Let's look at some directional slopes for the parabolic saddle,
\[
\begin{align}
z &\depends (x, y)
\\
z &= x^2 - y^2,
\end{align}
\]
at the point \( p = (1, 1) \). We can calculate the differential as
\[
\begin{align}
\bar{\diff} z &= 2 x \mult \bar{\standard}_{x} - 2 y \mult \bar{\standard}_{y}
\end{align}
\]
and by localizing at our point, we find the ruler
\[
\begin{align}
\bar{\diff} z &= 2 \mult \bar{\standard}_{x} - 2 \mult \bar{\standard}_{y}.
\end{align}
\]
Let's find the directional slopes for the vectors \( v = \vec{\standard}_{x} - \vec{\standard}_{y} \) and \( w = \vec{\standard}_{x} + \vec{\standard}_{y} \). These are not unit vectors, so we'll work from the definition.
\[
\begin{align}
\operatorname{\overset{\mathit{v}}{\directional}} z &= \frac{\bigl\langle{\bar{\diff} z}\mathbin{\big|}{v}\bigr\rangle}{\magnitude v} = \frac{\bigl\langle{2 \mult \bar{\standard}_{x} - 2 \mult \bar{\standard}_{y}}\mathbin{\big|}{\vec{\standard}_{x} - \vec{\standard}_{y}}\bigr\rangle}{\sqrt[2]{2}} = \frac{4}{\sqrt[2]{2}}
\\
\operatorname{\overset{\mathit{w}}{\directional}} z &= \frac{\bigl\langle{\bar{\diff} z}\mathbin{\big|}{w}\bigr\rangle}{\magnitude w} = \frac{\bigl\langle{2 \mult \bar{\standard}_{x} - 2 \mult \bar{\standard}_{y}}\mathbin{\big|}{\vec{\standard}_{x} + \vec{\standard}_{y}}\bigr\rangle}{\sqrt[2]{2}} = 0
\end{align}
\]
If we leave our point \( p \) traveling in the direction given by \( v \), we'll be heading uphill at a slope of \( 4 / \sqrt[2]{2} \). If we instead travel in the direction of \( w \), we'll find a slope of zero.

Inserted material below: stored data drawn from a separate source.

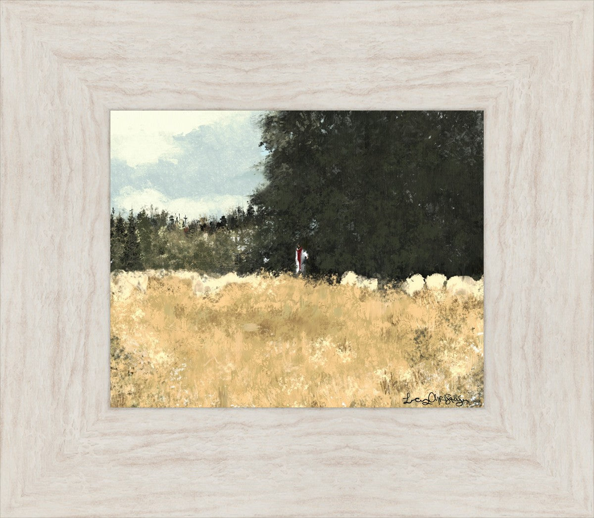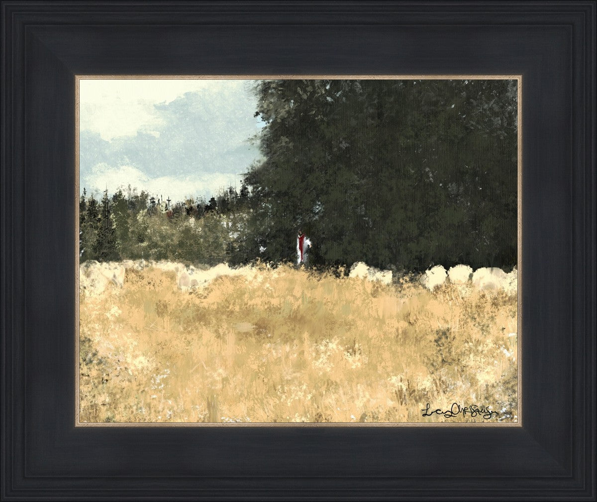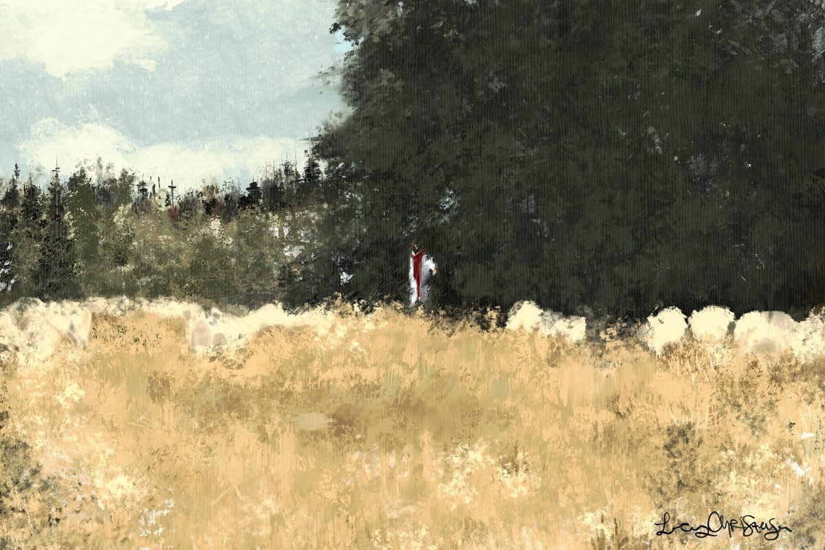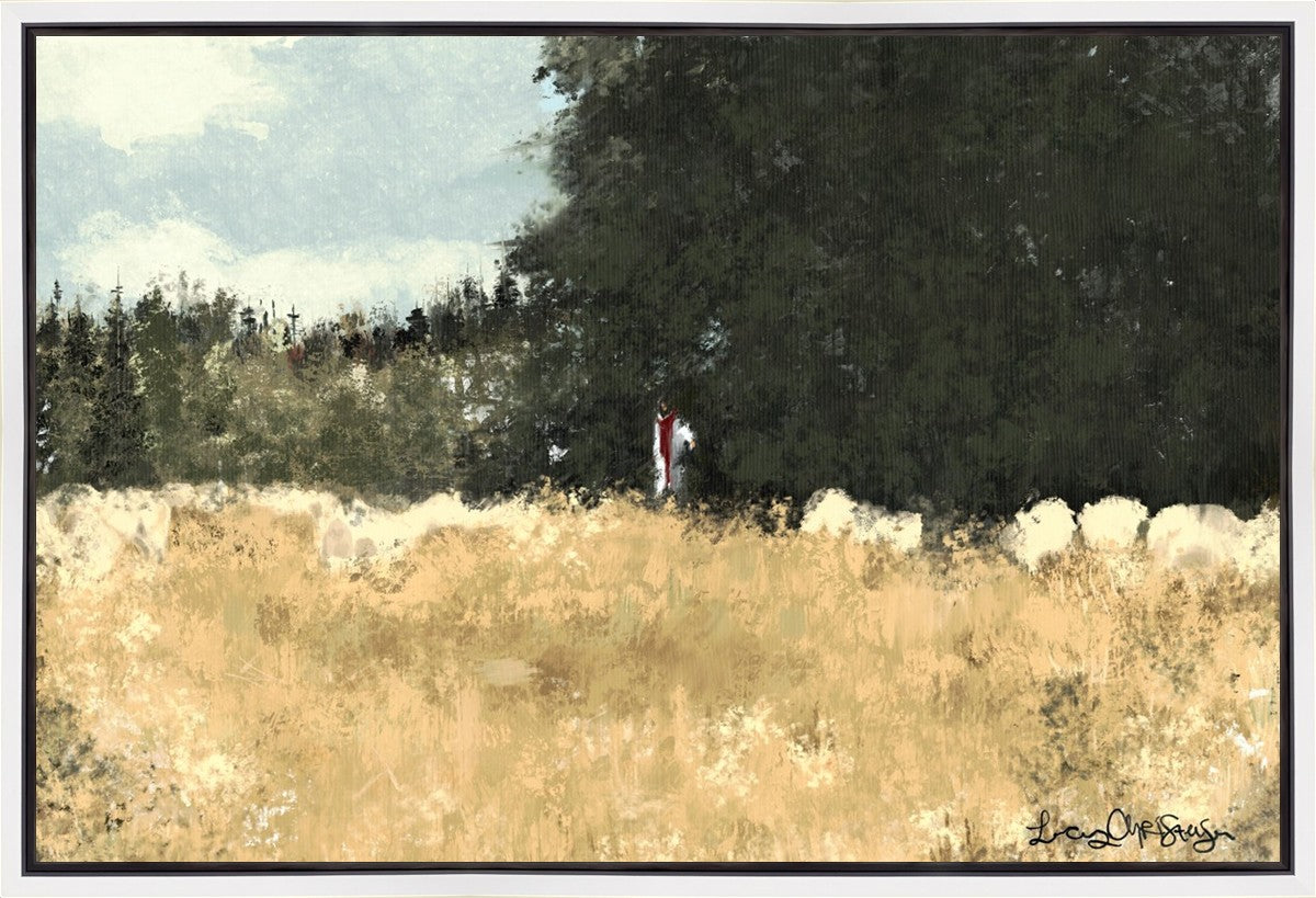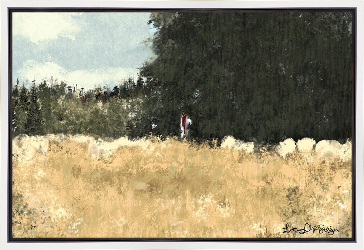 This Painting simply means a lot to me. Again it was something that I let the Spirit guide me on. It seemed as though I always came to this painting when I was trying to figure something out.. most of the time it was me trying to over come Fear about one thing or another. Up until yesterday there was no Christ at all in this painting. I kept wondering why this, its not coming together for me.. I love sheep and nature but Where’s Christ I feel like he should be here. Then I saw him perfectly. It was bone chilling and I covered my mouth even. There he was coming through out of the beautiful dark trees and I could see him perfectly. The whole painting came together with my thoughts I’d been having. Faith over Fear! Christ always triumphs!It was like I opened a door and I felt that happiness and excitement that was waiting.. and the joys I felt seeing Christ in this painting was just the best yet in all my creations. How many times have I simply thought, but where are you? I’ve had complete Faith, what more? And in the nick of time.. There he is. I always feel so bad when I have those moments but they are real.. Just like, Jesus The Christ is real.
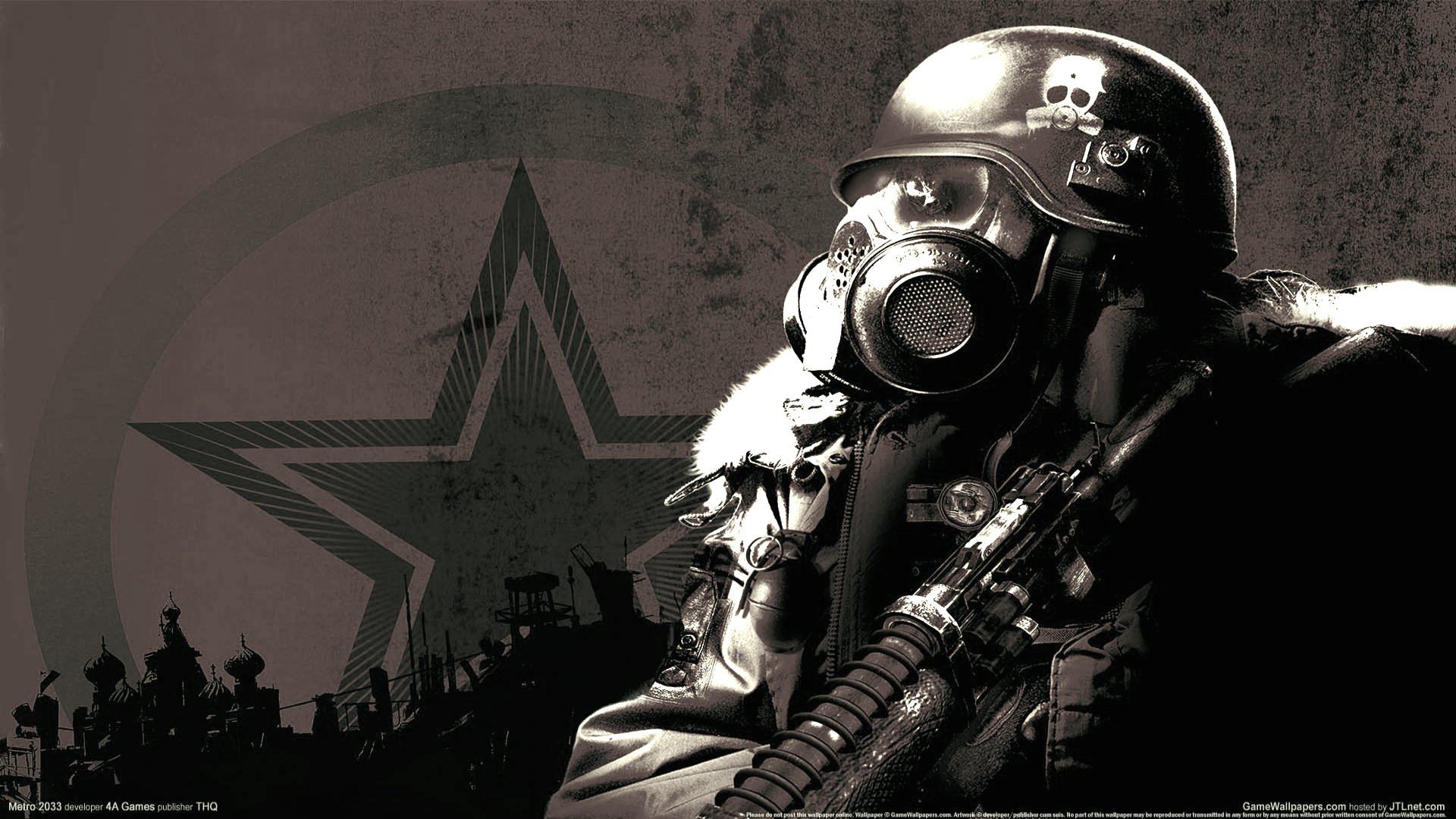 Metro 2033. mężczyzna w masce gazowej patrzy na ostatnie światło
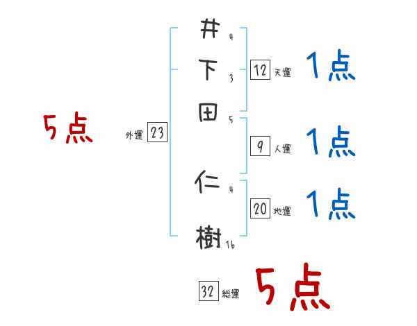 総運![]() | 井下田仁樹さんの総運は32画の5つ星!柔軟性があり成功する。チャンスが多く金運が良い。 あなたの人生を表す1番重要な運勢です。生涯を通じて影響する総合運となり、主に50歳以降の晩年期に影響を及ぼします。 |
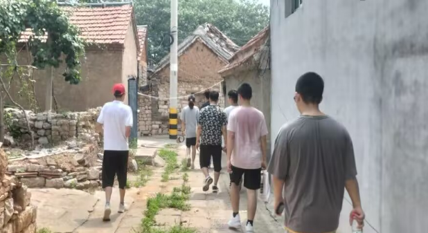 7月19日下午。“火炬传承·红色印记”实践团成员抵达博山区北崮山村开展“清洁家园”主题活动。
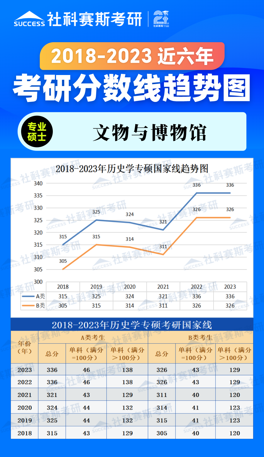2023考研分數線:2018-2023年歷史學專碩近六年考研分數線趨勢圖

By looking at directional slopes for the standard directions, \( \vec{\standard}_{x} \) and \( \vec{\standard}_{y} \), we'll recover the \( x \)-slope and the \( y \)-slope.
\[
\begin{align}
\operatorname{\overset{\mathit{\vec{\standard}_{x}}}{\directional}} z &= \operatorname{\overset{\mathit{x}}{\slope}} z
&
&\andSpaced
&
\operatorname{\overset{\mathit{\vec{\standard}_{y}}}{\directional}} z &= \operatorname{\overset{\mathit{y}}{\slope}} z
\end{align}
\]
So directional slopes generalize the slopes we defined as partials!